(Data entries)
======

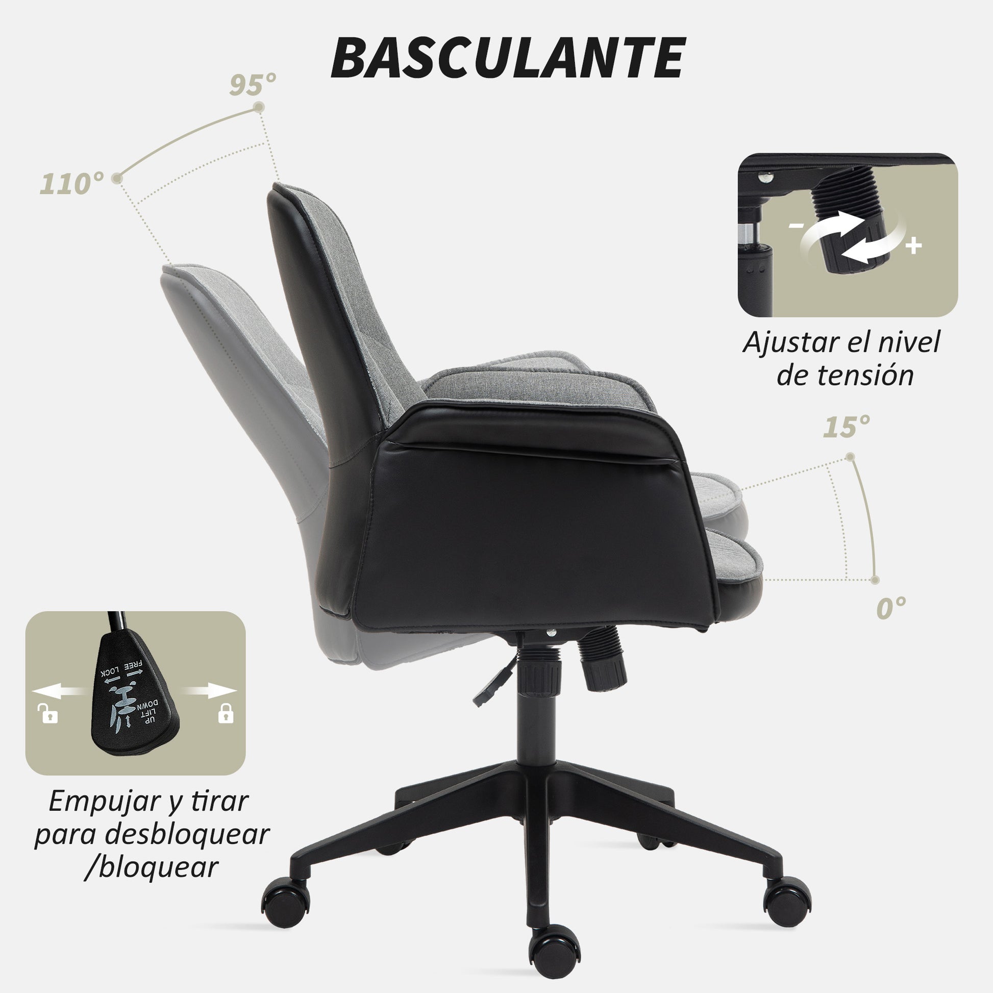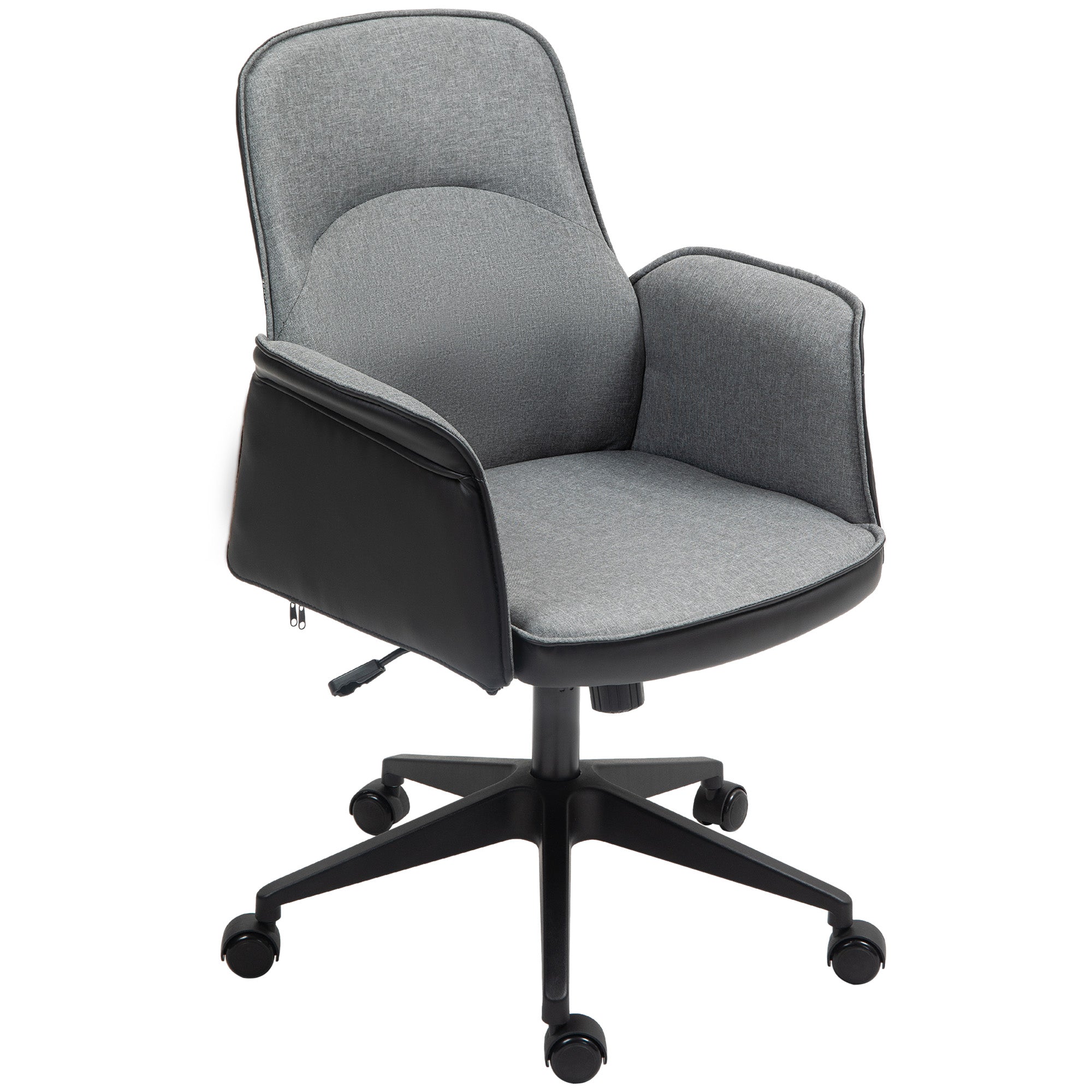 Chaise de Bureau HOMCOM Pivotante avec Inclinaison Revêtue en PU et Lin, Hauteur Réglable, Accoudoirs, Charge 120 kg, Gris et Noir
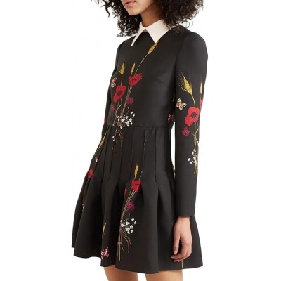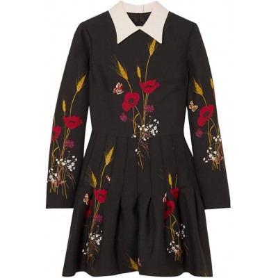 Valentino miniabito plisado en lana y seda impresa floral de segunda mano
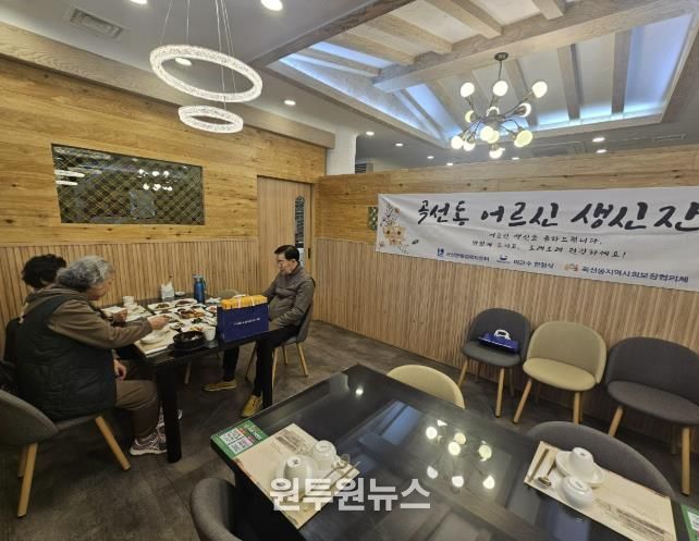 (원투원뉴스) 수원시 권선구 곡선동 지역사회보장협의체는 13일 관내 식당인 ‘이교수한정식’에서 생신을 맞은 독거 어르신 3명에게 ‘사랑의 생신상’을 대접했다.
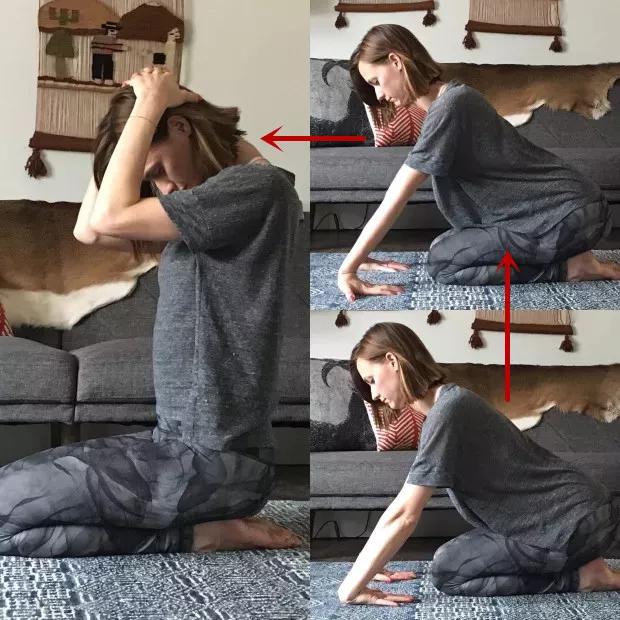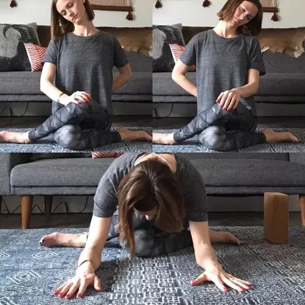 越来越多的研究发现久坐的人,患心脑血管疾病、糖尿病以及癌症等的的风险都会增加。今天给大家介绍一套动作,能有效缓解久坐带来的危害。 1 立在垫面上,双脚并拢,脚背贴地,臀部坐在脚后跟上; 双臂向前伸展,手臂外旋,手掌向上,手背放在地板上,保持1-2分钟; 然后伸展手腕,翻转手臂,手掌朝下,脉门朝前,放在地上,保持1-2分钟; 收回手臂,双手抱住头部后侧,下巴慢慢地找向锁骨,保持呼吸并慢慢地将颈部向侧面和背部进行拉伸。 2 面向沙发或椅子跪立,双脚打开略大于髋部,脚背贴地,臀部坐向脚后跟; 双手和肩背部向前伸展,手放在高于肩膀的地方,头部和肩部慢慢沉下去,至最大限度,保持1-3分钟。 有肩部或脊柱疾病的朋友们要量力而行,千万不要拉伤自己,最好在医生的指导下练习。 3 坐姿准备,左脚在上,右脚在下,分别弯曲双膝,靠向左侧和右侧臀部边缘,膝盖叠在一起; 坐直,左手放在下腰部,另一只手放在膝盖上,延展脊柱,将右耳慢慢贴向右肩,保持1分钟,回复中位,然后将左耳慢慢贴向左肩,保持1分钟; 呼气,前屈身体向前向下,两手臂向前伸展,保持1分钟,双腿换另一侧练习。 其实,应对久坐最简单的一招就是多站起来活动。 锻炼康复,贵在坚持。坚持下去,你练的每一个动作都不会辜负你。
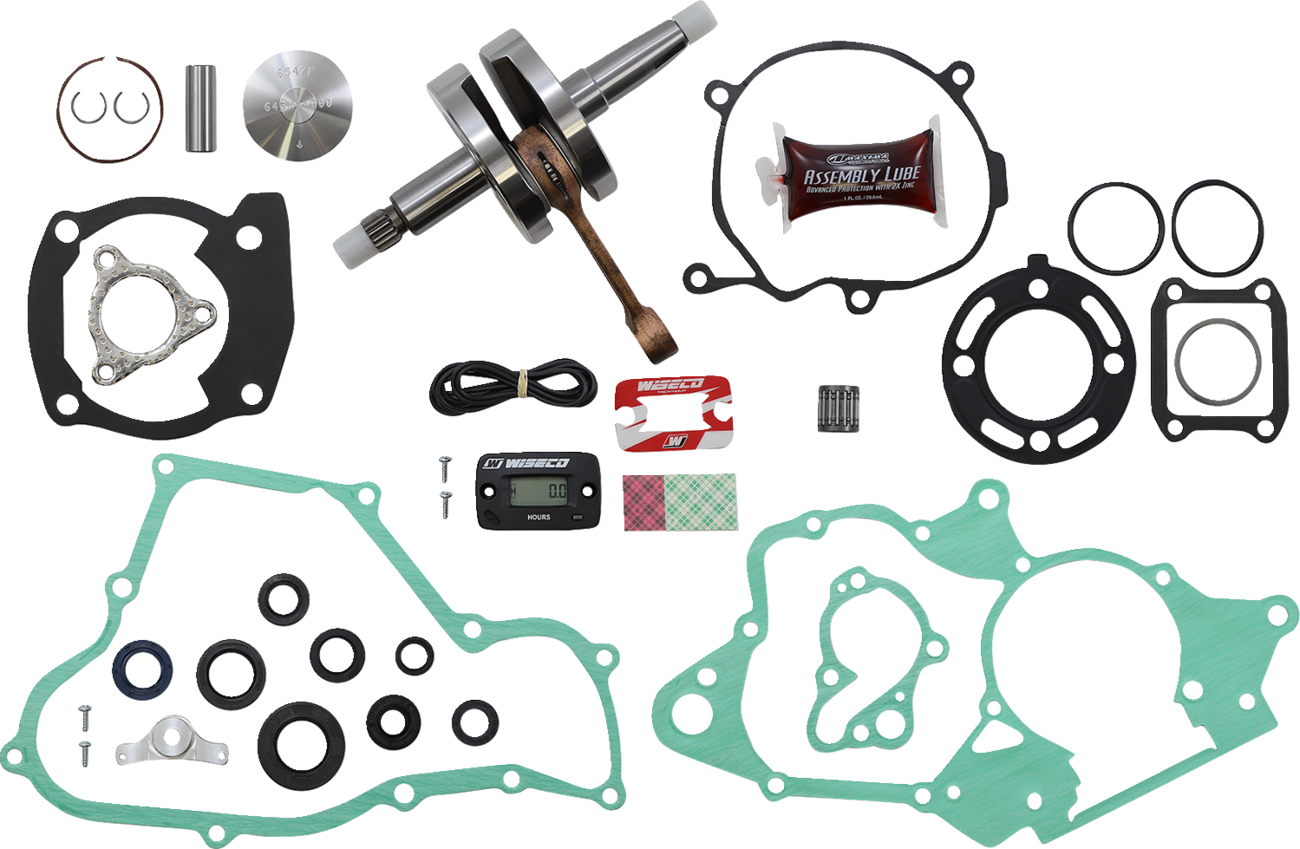 Includes all top and bottom-end components for a complete engine rebuild4-stroke kit includes a premium forged piston kit with stock compression ratio and a high-quality cam chain2-stroke kit includes a Pro-Lite® pistonCrankshaft and rod assembly designed and inspected to assure durabilityKit includes main bearings, seals, gaskets, an hour meter and bracketSpecs

======

__YOUR GOAL__
Look above for the line with "(원투원뉴스) 수원시 권선구", then print it and each line after it down to and including the line with "1 立在垫面上,双脚并拢,脚背贴地,臀部坐在脚后跟上; 双臂向前伸展,手臂外旋,手掌向上,手背放在地板上,保持1-2分钟;". Leave out the pictures and keep the wording exact.

__ANSWER TO THE EXERCISE__
 (원투원뉴스) 수원시 권선구 곡선동 지역사회보장협의체는 13일 관내 식당인 ‘이교수한정식’에서 생신을 맞은 독거 어르신 3명에게 ‘사랑의 생신상’을 대접했다.
 越来越多的研究发现久坐的人,患心脑血管疾病、糖尿病以及癌症等的的风险都会增加。今天给大家介绍一套动作,能有效缓解久坐带来的危害。 1 立在垫面上,双脚并拢,脚背贴地,臀部坐在脚后跟上; 双臂向前伸展,手臂外旋,手掌向上,手背放在地板上,保持1-2分钟; 然后伸展手腕,翻转手臂,手掌朝下,脉门朝前,放在地上,保持1-2分钟; 收回手臂,双手抱住头部后侧,下巴慢慢地找向锁骨,保持呼吸并慢慢地将颈部向侧面和背部进行拉伸。 2 面向沙发或椅子跪立,双脚打开略大于髋部,脚背贴地,臀部坐向脚后跟; 双手和肩背部向前伸展,手放在高于肩膀的地方,头部和肩部慢慢沉下去,至最大限度,保持1-3分钟。 有肩部或脊柱疾病的朋友们要量力而行,千万不要拉伤自己,最好在医生的指导下练习。 3 坐姿准备,左脚在上,右脚在下,分别弯曲双膝,靠向左侧和右侧臀部边缘,膝盖叠在一起; 坐直,左手放在下腰部,另一只手放在膝盖上,延展脊柱,将右耳慢慢贴向右肩,保持1分钟,回复中位,然后将左耳慢慢贴向左肩,保持1分钟; 呼气,前屈身体向前向下,两手臂向前伸展,保持1分钟,双腿换另一侧练习。 其实,应对久坐最简单的一招就是多站起来活动。 锻炼康复,贵在坚持。坚持下去,你练的每一个动作都不会辜负你。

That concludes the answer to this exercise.